Firstly, the revelations suggest that blockchain technology, impacts all elements of banks’ business models (who-what-how-why). As the criteria for business model innovation is, that at least two elements are changed, blockchain might lead to new business models in banking and thus challenging the status quo. In addition, the four components predict significant changes in all four elements of banks business models, too. This view is consistent with many analyses from other research that is not based on empirical data (e.g., Iansiti and Lakhani 2017; Joichi et al. 2017; McKinsey and Company 2018). First studies of the evolving alternative finance sector in addition shows that a variety of novel business model approaches currently emerges in parallel to the existing ones (Rauchs et al. 2018). Among the examples are mining approaches for cryptocurrencies, digital custody services or hardware manufacturers which provide a variety of tools for different purposes (e.g. storage devices, mining infrastructure, etc.). If and how banks will adopt to these new emerging business models is yet open as none of the incumbents already started to apply them.

Second, the inferential statistics results revealed significantly contrasting opinions between banks and non-banks for 25 of the 37 variables. In these instances, the non-banks scored higher i.e. stronger agree/higher impact. It can

be assumed that banks are more conservative than start-ups, and non-banks are possibly more involved in researching future effects of blockchain, as well as have more optimism for the new models to be successful. While the start-up industry has been very dynamic in recent years in exploring novel blockchain concepts, the opposite can be said about the incumbents. Although banks tried to adapt blockchain for their existing models, only small steps could be observed. An example is the area of trade finance for which banks formed international consortia. The existing gap between the incumbents and the start-ups might be one explanation why the start-ups evaluate the future potential higher than the incumbents. Another argument which supports this hypothesis is regulation. The existing regulation regimes in many countries is often not flexible enough to allow incumbents novel business model approaches.

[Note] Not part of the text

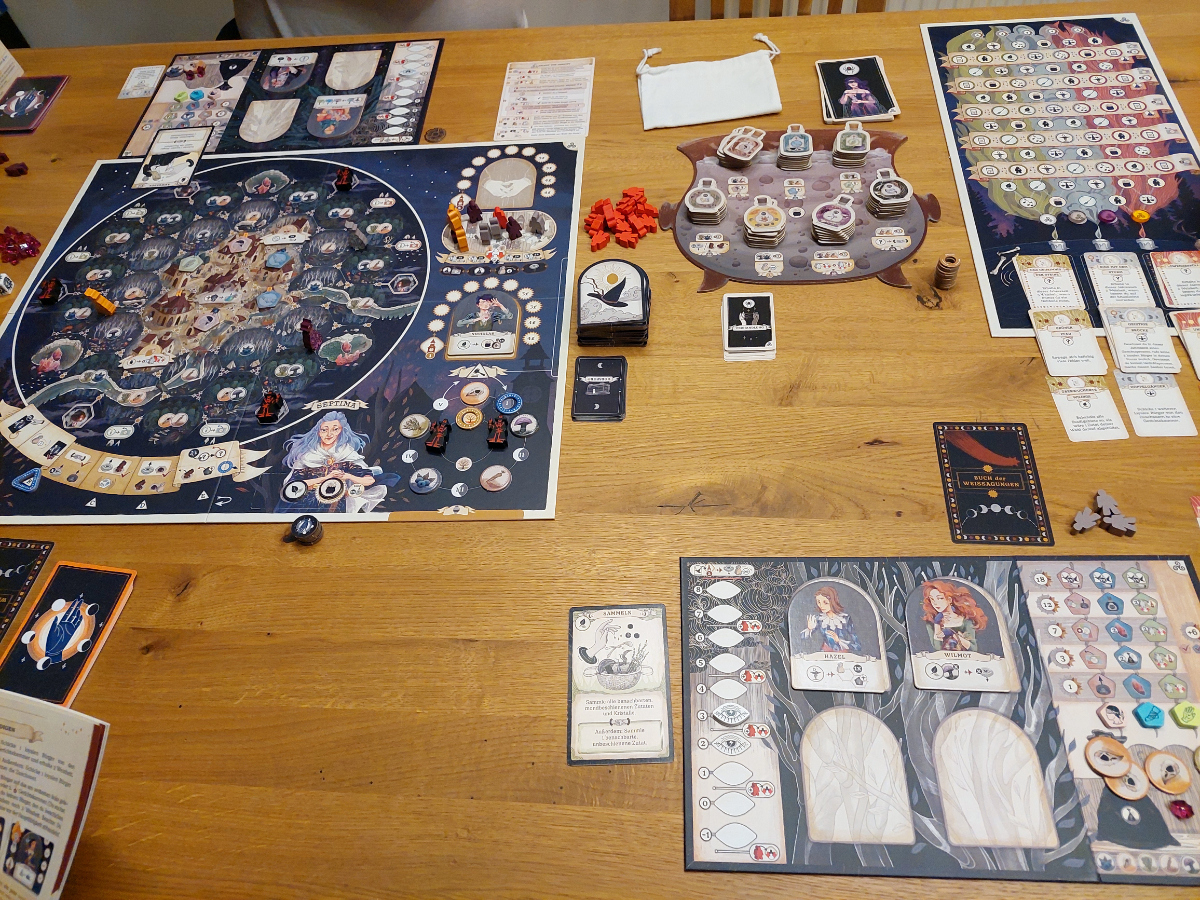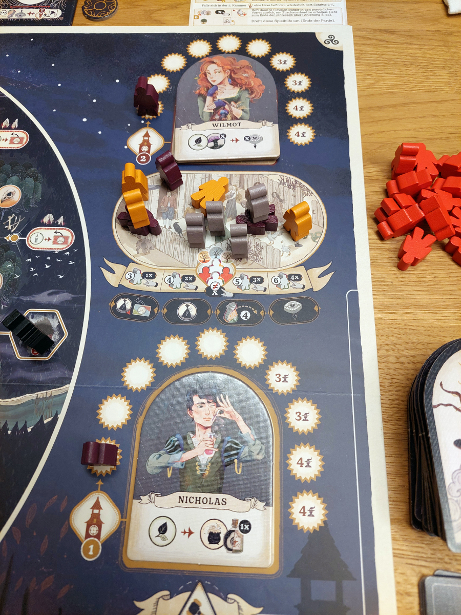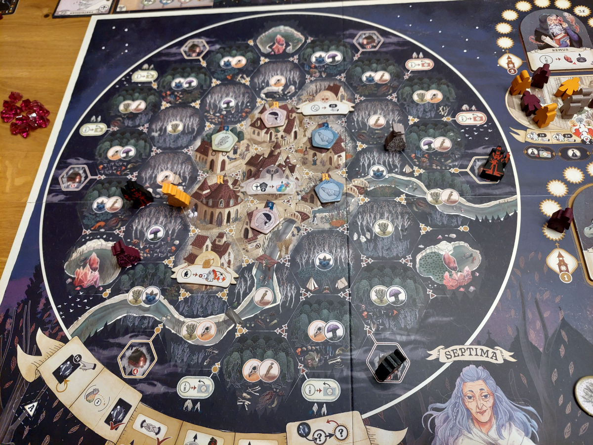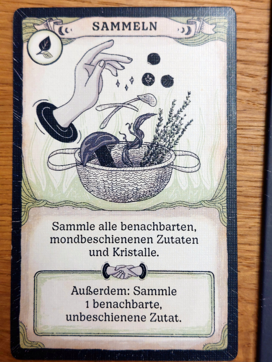Spannend bleibt auch das Sammeln von Ressourcen. Denn hier wird nicht einfach Feld für Feld oder Aktion für Aktion abgegrast, wie man es sonst kennt. Hier lohnt es sich nur phasenweise, unterschiedlich „mondbeschienene“ Pflanzen zu sammeln. Damit wird eine gewisse Abwechslung garantiert und die Spieler von sich wiederholenden Pfaden abgehalten.

Third, the different statements that the respondents made regarding blockchain’s significance and its potential revealed that the technology is still in a very early phase of development. The statements for example included: one of many technologies as part of a toolbox, a disruptive technology, a foundational technology and a revolutionary technology. Although blockchain is expected to provide several specific features like efficiency, decentralization, transparency, trust and security, banks do not very proactively explore the opportunities in areas like product innovation or novel service offerings by enhancing back office processes and by improving their customer focus. But for this, changes in the financial market infrastructure and governance models are required. New business models in banking based on blockchain therefore require not only technological adaptations, but primarily rely on organizational and cultural changes in the applying firms.

Although, this analysis revealed new insights about the future potentials of blockchain regarding the technology’s impact on banks’ business models, this research has some limitations. First, a larger sample size would enhance the insights obtained from the survey. Second, while the analysis made some logical assumptions of the potential relationships, it would have been valuable to obtain a richer insight about why respondents answered in these particular ways. In-depth case studies could contribute to this. Third, a more in-depth perspective on geographical and country specifics might also lead to interesting findings, especially as regulations often address issues of national interest. Further research could address these limitations and further explore the potential opportunities of blockchain for enabling new business models in banking.